Undercover federal agents on Friday arrested a man they believe was plotting to bomb a synagogue in Colorado over the weekend, according to a federal affidavit.
According to the Denver Post, 27-year-old Richard Holzer described himself to federal agents as a skinhead and former member of the Ku Klux Klan. The agents said in the documents that they had arrested Holzer in a motel room as he was examining what he thought to be functioning pipe bombs that were prepared for him by federal agents. He had also brought a knife and mask into the room, according to the documents.
The FBI agents began communicating with Holzer through Facebook on Sept. 28, according to court filings. Evidence of his violent beliefs piled up: photos of him with weapons, Mein Kampf, and other white supremacist symbols; participation in aggressively anti-Semitic online chats; a swastika armband; messages expressing support for the Holocaust; a video of him holding a machete and asking: “may the gods be with me for what I must do.”

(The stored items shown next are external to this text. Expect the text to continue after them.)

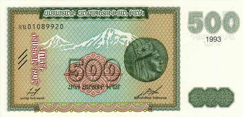 500 dram 1993
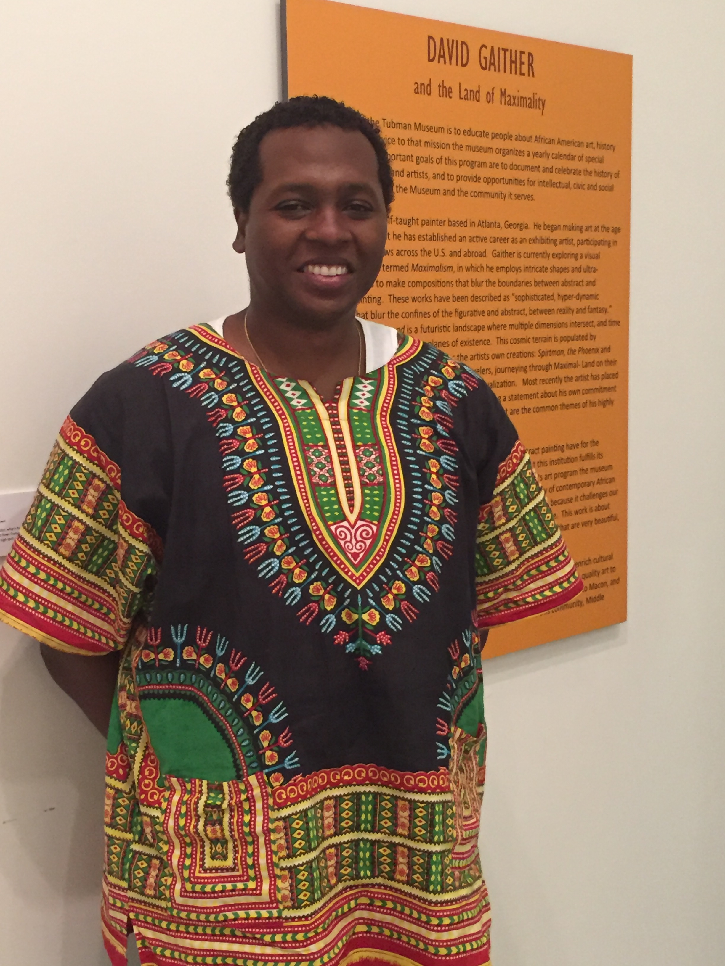 Photo of David Gaither at The Tubman Museum
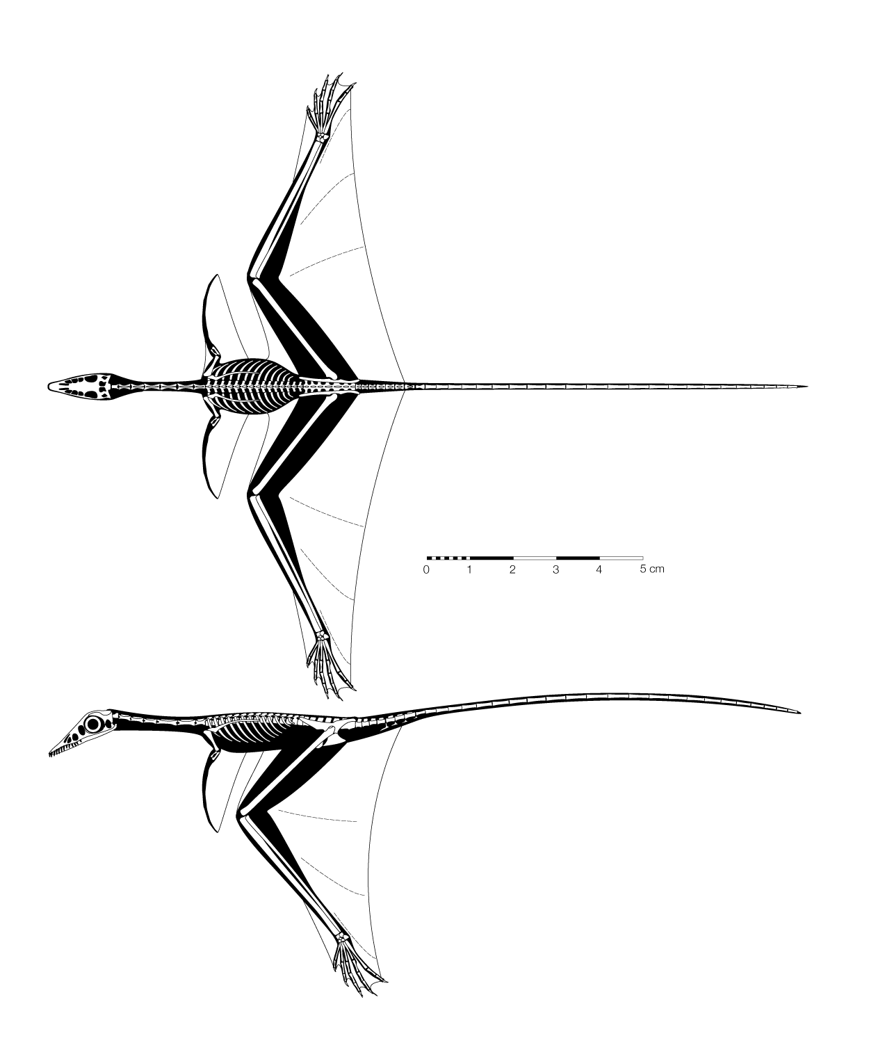 Sharovipteryx mirabilis by John Conway (en
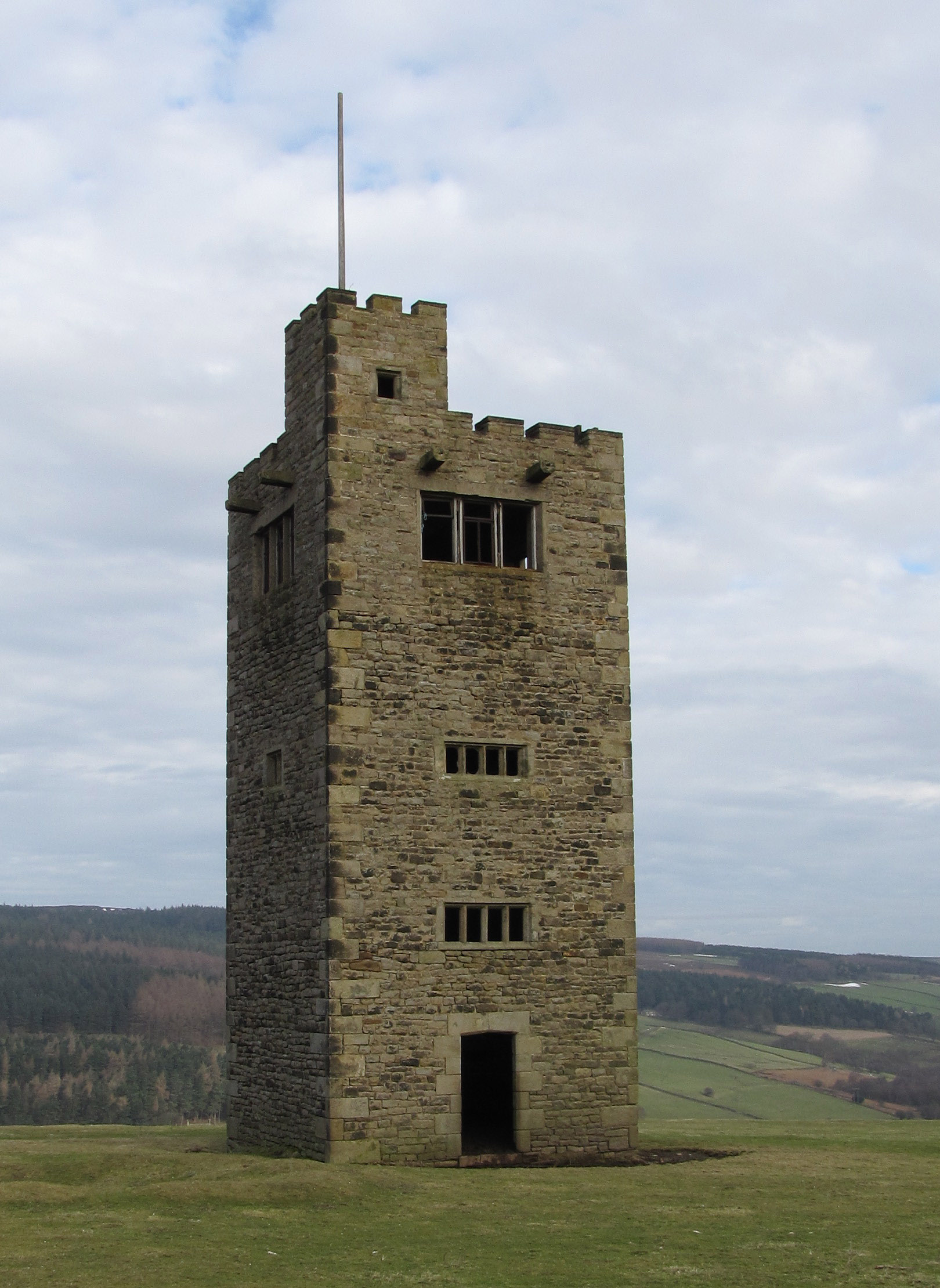 Boots Folly, Strines, Sheffield, South Yorkshire
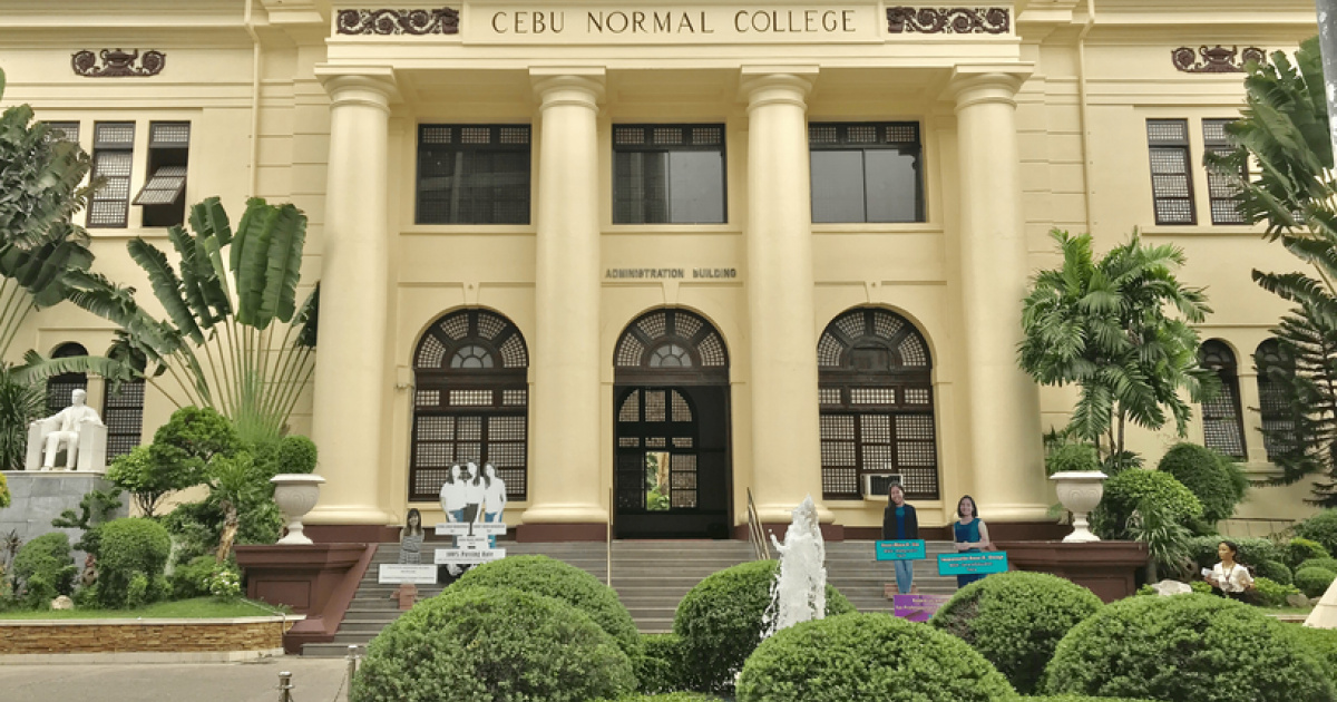 Facade of the oldest building in the campus.

He allegedly talked of killing Jews in online forums and shared a video of himself checking out the synagogue he was allegedly targeting, Temple Emanuel in Pueblo, Colorado. He allegedly said he paid a “witch doctor” to poison the synagogue’s pipes with arsenic last year.
In late September, three undercover agents met with Holzer in a restaurant, where Holzer proposed bombing the synagogue with Molotov cocktails. “I want something that tells them they are not welcome in this town,” he allegedly said. The agents mentioned there was a chance people might be in the building when he attacked it. According to the filing, he said he thought that was unlikely, “but that if they were, Holzer would not care because they would be Jews.”
The agents met with him several more times. He allegedly told them he was preparing for a racial holy war and that he wanted to “go out with a final act for the movement.” He also said that after “phase two”—the bombing—he would move on to a larger “phase three” outside Pueblo.
Holzer was charged with attempting to obstruct the free exercise of religious beliefs by force using explosives. He could face up to 20 years in prison.
It has been just over a year since the white supremacist attack on the Tree of Life synagogue in Pittsburgh that killed 11 people.